Monday, October 7, 2013

BEFORE

It's the day before the end of the world and the sky is raging.

It's the day before the end of the world and I can taste our mortality, our finiteness, our impermanence, lingering in the air like dust and a gray shadow that blocks the sun and filters the light.

It's the day before the end of the world and we have already proven that our light and childhood are not immune to pain and heartbreak, and we are not immune to the passage of time.  You were my own personal Neverland, but Wendy had to face her future eventually and I've seen you grow up in front of my eyes.  Not even Peter Pan can fend off goodbye.

But I'll always believe in you.

And I'll always love you and your limitless soul.

So hold me tighter and let's spend our last night of pretend postponing the end and leaving a trail of poetry like a fingerprint on every surface that we touch, a tangible reminder that we were here and that we were bright and beautiful.

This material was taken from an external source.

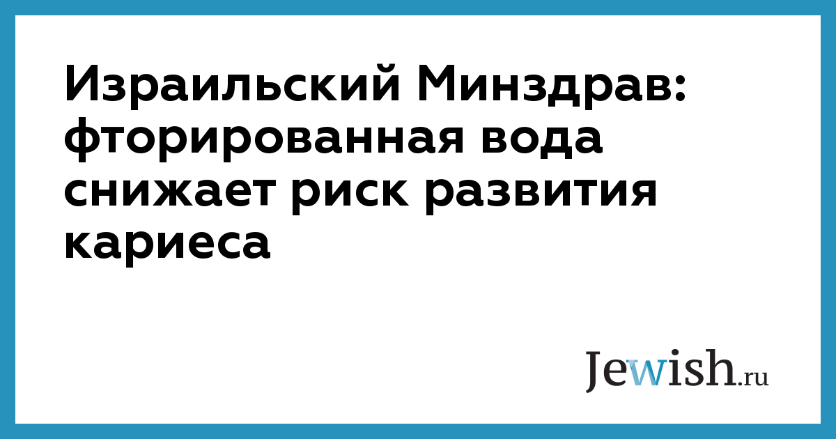 Согласно отчету израильского Минздрава, в городах, где водопроводная вода подвергается фторированию, у детей школьного возраста в два раза реже встречается кариес, чем в населенных пунктах, где в воду не добавляется фтор. В исследовании, которое проводилось с 2011-го по 2012 год, приняли участие 1800 школьников в возрасте 12 лет, причем 90%детей родились в Израиле. Исследователи также в отдельную группу выделили школьников, воспитывающихся в семьях с низким достатком.
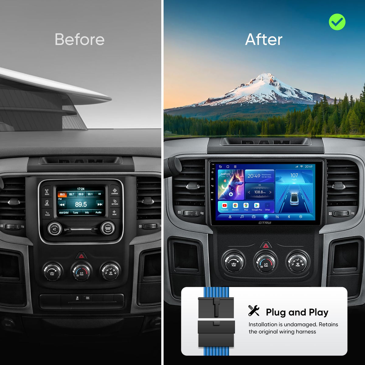 Applicable Model & Year: Dodge Ram 1500 2500 3500 With Manual Ac ( 2013-2018 ) Note: This Car Stereo Does Not Work With A Ram With Auto Ac. Oem Original Functions Retained: Steering Wheel Button Control Factory Original Reverse View Camera Usb Port Input Original Radio Antenna Note: Lf The Factory Original Camera Is Displaying On The Mirror, There Will Be No Image In This Android Head Unit. This Car Stereo Does Not Work With The Oem Xm Satellites Radio.

But our summer is spent and all I can do is pray that I won't be forgotten, that your phone calls and weekend visits won't ever stop coming, and that our clumsy, scrawling poetry will be enough to hold us together.  You told me this was never-ending and I believe you.  You told me we would never run out of ink and I still believe that as long as the sun and the moon keep switching places in the sky, we're gonna be alright.

It's the day before the end of the world and I'm afraid to die.

It's the day before the end of the world and I'm begging you to never let me go.